Nós, seres desenvolvidos dentro das memórias e regras de uma sociedade, antes de ganharmos o mundo, também somos cuidadosamente construídos, desde as influências familiares, passando pelo conceito da moral e ética, e formando, enfim, o caráter. E, assim como a pipa vai refletir a destreza, o conhecimento e o cuidado do seu criador, nós seremos reflexo dos nossos educadores — por mais que não queiramos, o subconsciente carrega as boas e as más influências!
Pronta, a pipa poderá ganhar os céus, resplandecendo as (im)perfeições, cores de alegria e dançando no ritmo dos ventos. Sempre ligada à linha do seu tutor, ela vai para onde ele quer, direita ou esquerda – o criador está no comando! Nós, seres influenciados pelos preceitos da sociedade, quando ganhamos o mundo, somos guiados pelos nossos criadores, obedecendo, respeitando e traçando o caminho sonhado por eles. Dançamos, não conforme o vento, mas no ritmo de tudo o que nos foi ensinado.
Lá no alto, a pipa encontrará barreiras para se manter vistosa. O vento, por exemplo, vai mudar de direção, e o controlador da linha terá que saber contornar as adversidades para mantê-la deslizando nos céus. E, embora tudo pareça perfeito, outras pipas vão surgir e, na primeira oportunidade, vão tentar derrubá-la. No mundo, enfrentamos os mesmos percalços. O trabalho, a vida amorosa e os relacionamentos familiares, às vezes, nos levam para um lado não tão simples de ter o controle. E, em qualquer que seja o ambiente, sempre haverá pessoas tentando nos derrubar.
Contudo, apesar das diferentes direções do vento, da previsão de chuvas e tempestades, da luz do sol que derrete a visão ampla, a pipa ainda está ligada ao seu criador por meio da linha. Ela ainda poderá ser controlada e, aos poucos, ganhar de novo a estabilidade tão sonhada. Só que, quando menos esperamos, esse mesmo fio é arrebentado, e a pipa vai planar pelos céus, meio que descontrolada, até descobrir novos solos, encontrar outras pipas e, mais uma vez, poder voar com toda destreza.

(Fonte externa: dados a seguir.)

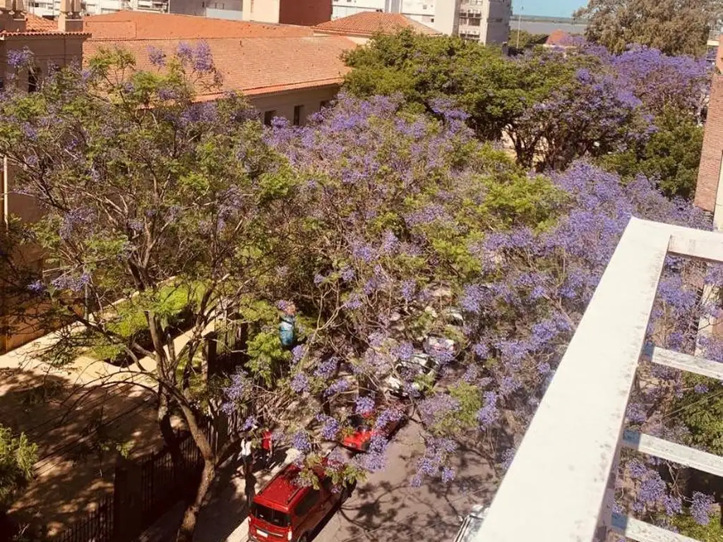 Ubicado en un piso 4° con balcón corrido en toda la esquina sobre dos calles, rodeado de frondosa vegetación y con vista a edificio histórico de valor patrimonial.

Nós, seres amparados, criticados e aconselhados por tantos criadores, voaremos durante um bom tempo ligados pelo cordão umbilical. Mas, chegará o momento em que esse fio será arrebentado. E, a partir daí, vamos cambalear, perder a direção e, quiçá, cair. Quando isso acontecer, estaremos prontos para descobrir novos solos, encontrar outra pipa que queira voar e, enfim, ganhar os céus com que tanto sonhamos.